- **What is being asked**: All of the data should be reproduced word for word, though its pictures must be omitted.

- **Source data**:
-- Opening Marker --

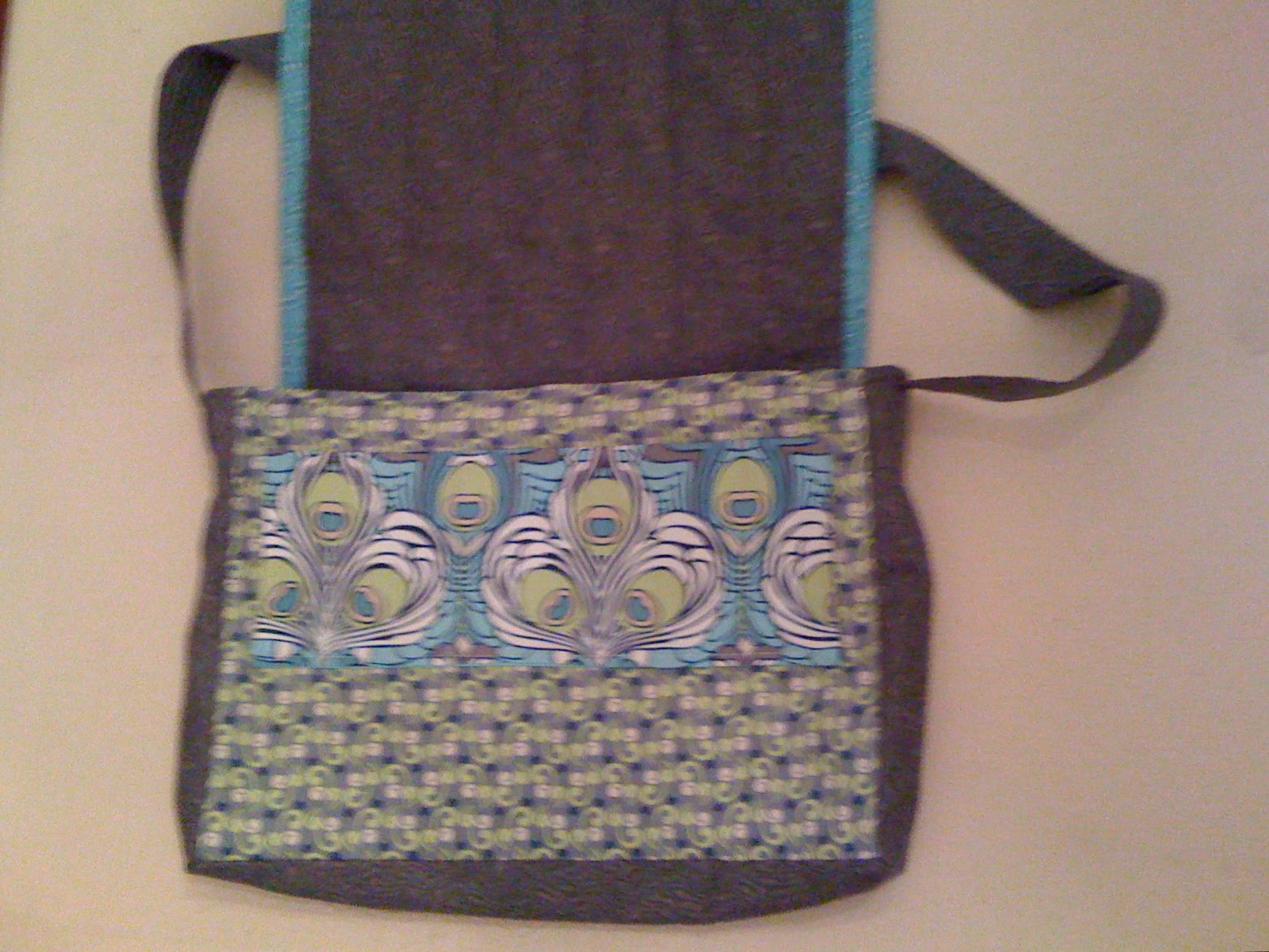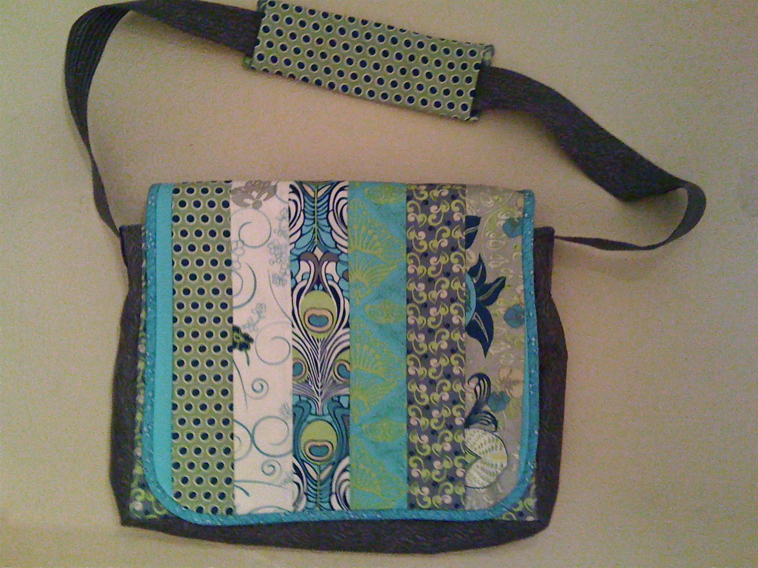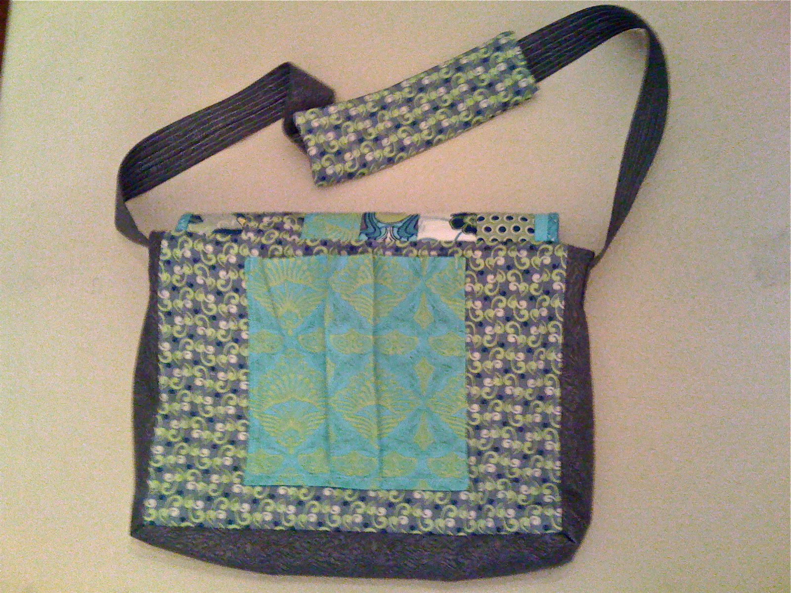 Here’s something I made this summer for my sister. I had so much fun doing it, and everything just worked. Considering I wasn’t using a pattern and just made it up as I went along, that’s pretty impressive. This is the front of the bag, oh, and these are the last of the cell phone pictures. Got a new camera before our vacation. I used a bunch of Art Gallery fabrics, one Michael Miller, and one really old Jinny Beyer that just worked in well.
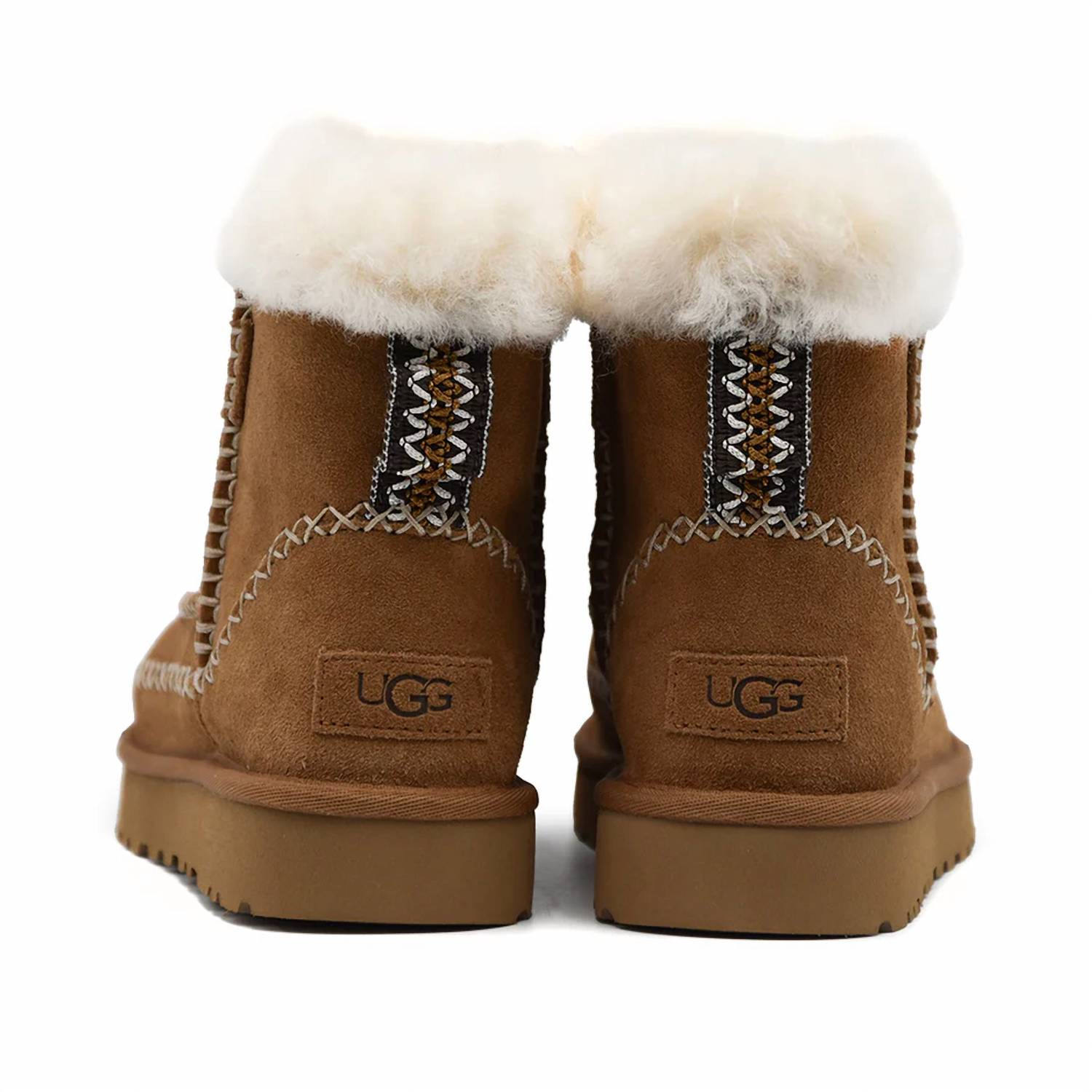 Diga olá à bota perfeita e mais versátil. A altura do tornozelo facilita a transição do dia para a noite. Use-a com sua calça jeans skinny favorita e camiseta para um look mais descontraído, ou combine-a com seu minivestido e jaqueta favoritos para uma saída à noite. Apresentamos a Bota Feminina Classic Mini Alpine da UGG, confeccionada em camurça castanha rica para um visual atemporal. Esta bota possui bico arredondado e salto plataforma de 3,1 cm, proporcionando um caimento elegante e discreto. O colarinho em pele de carneiro aparente, o para-lama em camurça e as costuras decorativas encapsulam o design icônico da UGG, realçado ainda mais pelo cadarço fixo em couro e pelo puxador UGGbraid. Desfrute de conforto superior com o forro UGGplush™ de 17 mm e o solado em EVA de cana-de-açúcar, perfeito para uma sensação ultraleve e ecologicamente correta nos pés.
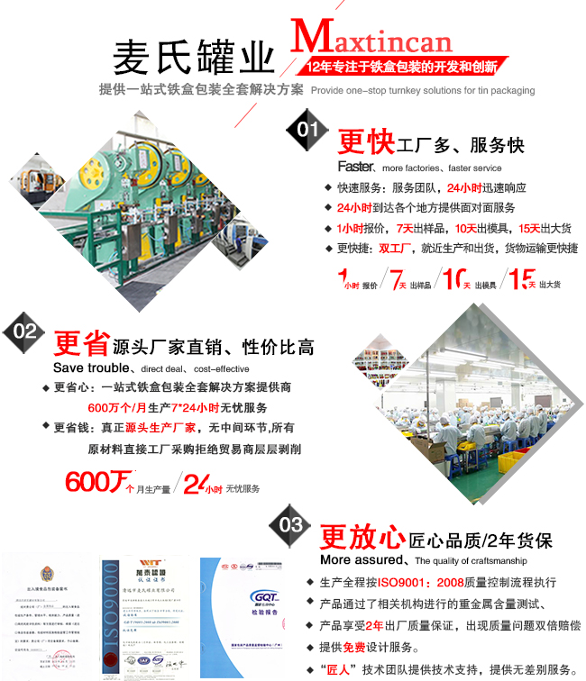 此款鹿角膠馬口鐵盒所采用的材質(zhì)、油墨、配件等產(chǎn)品均為綠色環(huán)保材料,,產(chǎn)品曾多次通過機構(gòu)認證檢測,其中包括:FDA、SGS、LFGB等,鐵盒從生產(chǎn)到出庫,全程無塵車間制作,QC全檢,保證每一款鐵盒都標準、安全。真正打造國內(nèi)鐵盒包裝品牌。

-- Closing Marker --

- **Solution**:
 Here’s something I made this summer for my sister. I had so much fun doing it, and everything just worked. Considering I wasn’t using a pattern and just made it up as I went along, that’s pretty impressive. This is the front of the bag, oh, and these are the last of the cell phone pictures. Got a new camera before our vacation. I used a bunch of Art Gallery fabrics, one Michael Miller, and one really old Jinny Beyer that just worked in well.
 Diga olá à bota perfeita e mais versátil. A altura do tornozelo facilita a transição do dia para a noite. Use-a com sua calça jeans skinny favorita e camiseta para um look mais descontraído, ou combine-a com seu minivestido e jaqueta favoritos para uma saída à noite. Apresentamos a Bota Feminina Classic Mini Alpine da UGG, confeccionada em camurça castanha rica para um visual atemporal. Esta bota possui bico arredondado e salto plataforma de 3,1 cm, proporcionando um caimento elegante e discreto. O colarinho em pele de carneiro aparente, o para-lama em camurça e as costuras decorativas encapsulam o design icônico da UGG, realçado ainda mais pelo cadarço fixo em couro e pelo puxador UGGbraid. Desfrute de conforto superior com o forro UGGplush™ de 17 mm e o solado em EVA de cana-de-açúcar, perfeito para uma sensação ultraleve e ecologicamente correta nos pés.
 此款鹿角膠馬口鐵盒所采用的材質(zhì)、油墨、配件等產(chǎn)品均為綠色環(huán)保材料,,產(chǎn)品曾多次通過機構(gòu)認證檢測,其中包括:FDA、SGS、LFGB等,鐵盒從生產(chǎn)到出庫,全程無塵車間制作,QC全檢,保證每一款鐵盒都標準、安全。真正打造國內(nèi)鐵盒包裝品牌。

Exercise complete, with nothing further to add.